Alors que l'annonce du projet avait été plusieurs fois reportée, provoquant la colère de députés européens y voyant un embarras face à l'industrie, la réaction hostile des entreprises du médicament laisse deviner d’intenses négociations. « Dans les mois à venir, nous serons amenés à travailler avec les membres du Parlement européen, le Conseil et les autres parties prenantes (…), si des changements ne sont pas faits, l’héritage de cette Commission aura été de faire de l'Europe un simple consommateur de l’innovation médicale issue d’autres continents et de faire attendre plus longuement que jamais les patients européens dans l'accès aux dernières innovations », tacle Nathalie Moll. Les propositions de la Commission vont désormais continuer leur chemin en étant transmises au Parlement européen et au Conseil.

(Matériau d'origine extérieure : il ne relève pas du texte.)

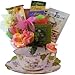 It's hard to believe that this paper gift tote bag is not a real china tea cup, it's just that realistic! Beautifully detailed and charming, this gift bag comes complete with handles, delivering new tea time pleasures day after day with a sampling of fancy teas and matching gourmet go togethers and treats. Open the tote to reveal Green Tea, English Tea, a trio of Ashby's Singles Herbal Tea to try, 2 Rock Candy Swizzle Stick are included to sweeten each cup, add English Tea Cookies, Cinnamon Tea Cookies, Nonni's Almond Biscotti and yummy Fruity Gel Candy to enjoy. Each gift tote arrangement is hand crafted with attention to detail, tied with pretty ribbon and includes a personalized gift message from you. Manufactured by Art of Appreciation Gift Baskets.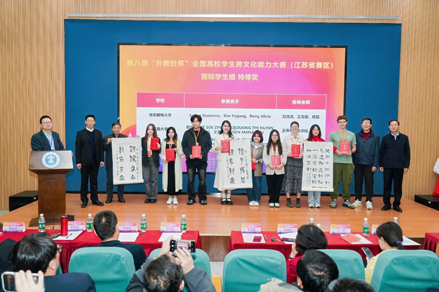 10月24日至26日,第八届“外教社杯”全国高校学生跨文化能力大赛江苏省赛区比赛在中国矿业大学举行。本次大赛吸引了来自南京大学、东南大学、南京邮电大学等全省七十余所高校的学生参与。西港娱乐 2名2025级MBA留学生THI HUYEN TRANG DUONG(中文名:杨玄庄)和MANACHAI SANSEN(中文名:王美美)代表学校参加国际学生组比赛。经过激烈的角逐,两位同学凭借出色的表现斩获特等奖,成功晋级全国决赛,实现了江南大学在该赛事上的历史性突破。

Réduction des délais, réforme de l'EMA, nouveaux antibiotiques, pénuries... Les autres chantiers de la réforme

Au-delà de la question des brevets, la réforme introduit une série de mesures visant à raccourcir les délais d'arrivée sur le marché. L’Agence européenne du médicament (ou EMA) disposera désormais de 180 jours pour rendre son évaluation, au lieu de 210 jours actuellement. Pour l’autorisation de mise sur le marché, après avis de l’EMA, la Commission aura, là-aussi, un délai réduit, passant de 67 à 46 jours. Un raccourcissement rendu possible par une simplification des procédures et par une réorganisation de l’EMA. L’agence verra son organisation simplifiée à un comité des médicaments à usage humain et à un comité de sécurité. Exit donc le comité des médicaments orphelins, le comité pédiatrique et le comité des médicaments de thérapie innovante, amenés à disparaître. Le but est ainsi de laisser « un soutien accru aux deux comités restants » et de libérer « des ressources scientifiques pour renforcer le soutien aux développeurs », avant les demandes d’autorisation. Sur ce point, la Commission souhaite mettre en place des « bacs à sable » réglementaires pour tester de nouvelles approches et plaide également pour la généralisation des échanges et transmission de dossiers par voie électronique. 

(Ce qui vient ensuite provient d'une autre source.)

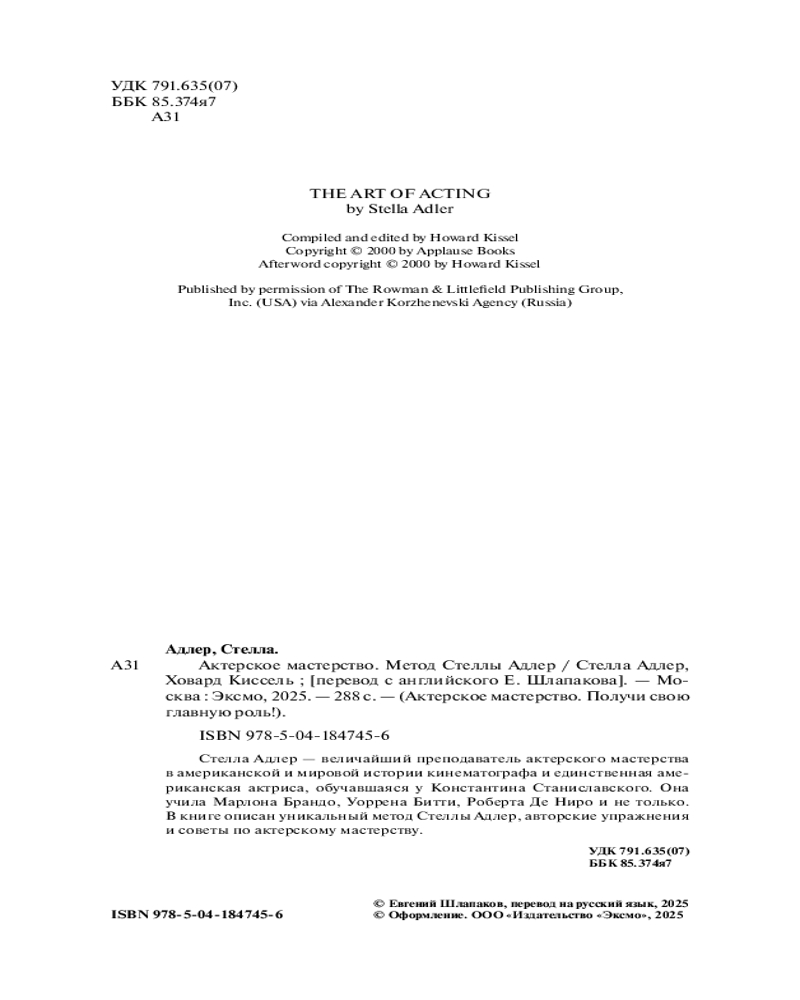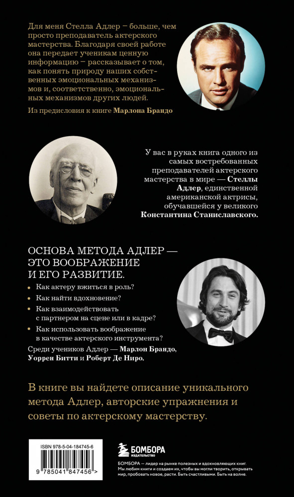 💳 Оплатить за товар можно при получении 🇰🇿 Есть бесплатная доставка по Казахстану от 1 дня 🎁 Копите бонусы с каждой покупки Серия: Актерское мастерство. Получи свою главную роль! «Для меня Стелла Адлер — больше чем просто преподаватель актерского мастерства. Благодаря своей работе она передает ученикам ценную информацию — рассказывает о том, как понять природу наших собственных эмоциональных механизмов и, соответственно, эмоциональных механизмов других людей». — Из предисловия к книге Марлона Брандо |

Autre chantier d'ampleur, celui de la lutte contre l'antibiorésistance. La Commission européenne souhaite favoriser la mise au point de nouveaux antibiotiques, un marché sur lequel peu de laboratoires se positionnent aujourd’hui. La principale mesure passe par un système de « coupons » (vouchers), qui donnera une année supplémentaire de droits pour les laboratoires développant de nouveaux antibiotiques. Ces coupons pourront être revendus et ainsi fournir des revenus supplémentaires aux entreprises. Un mécanisme proche de ce qui peut exister aux États-Unis avec les "priority review vouchers" de la FDA, qui donnent un accès prioritaire à l'agence et font l'objet de reventes parfois lucratives entre laboratoires. Sur ce point, comme sur les différentes propositions encore floues autour des pénuries de médicaments, des précisions seront attendues pour en fixer les conditions. 

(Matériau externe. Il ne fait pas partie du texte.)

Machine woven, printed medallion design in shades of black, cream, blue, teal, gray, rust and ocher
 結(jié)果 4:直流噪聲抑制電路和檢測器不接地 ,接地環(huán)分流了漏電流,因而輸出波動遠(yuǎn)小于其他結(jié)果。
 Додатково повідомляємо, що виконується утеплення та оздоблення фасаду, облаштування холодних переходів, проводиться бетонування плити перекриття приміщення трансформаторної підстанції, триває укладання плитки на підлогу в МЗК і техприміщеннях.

Enfin, cette proposition de réforme n’aborde pas directement la question de la relocalisation. Sur ces sujets, la Commission renvoie au PIIEC Santé, encore en cours d’élaboration, au projet de fabrication « Fab UE » destiné à mobiliser un réseau de producteurs de vaccins dans l’UE ainsi qu’aux travaux de l’HERA, équivalent de la BARDA américaine, destiné à mieux préparer l’Europe en cas de nouvelle crise sanitaire.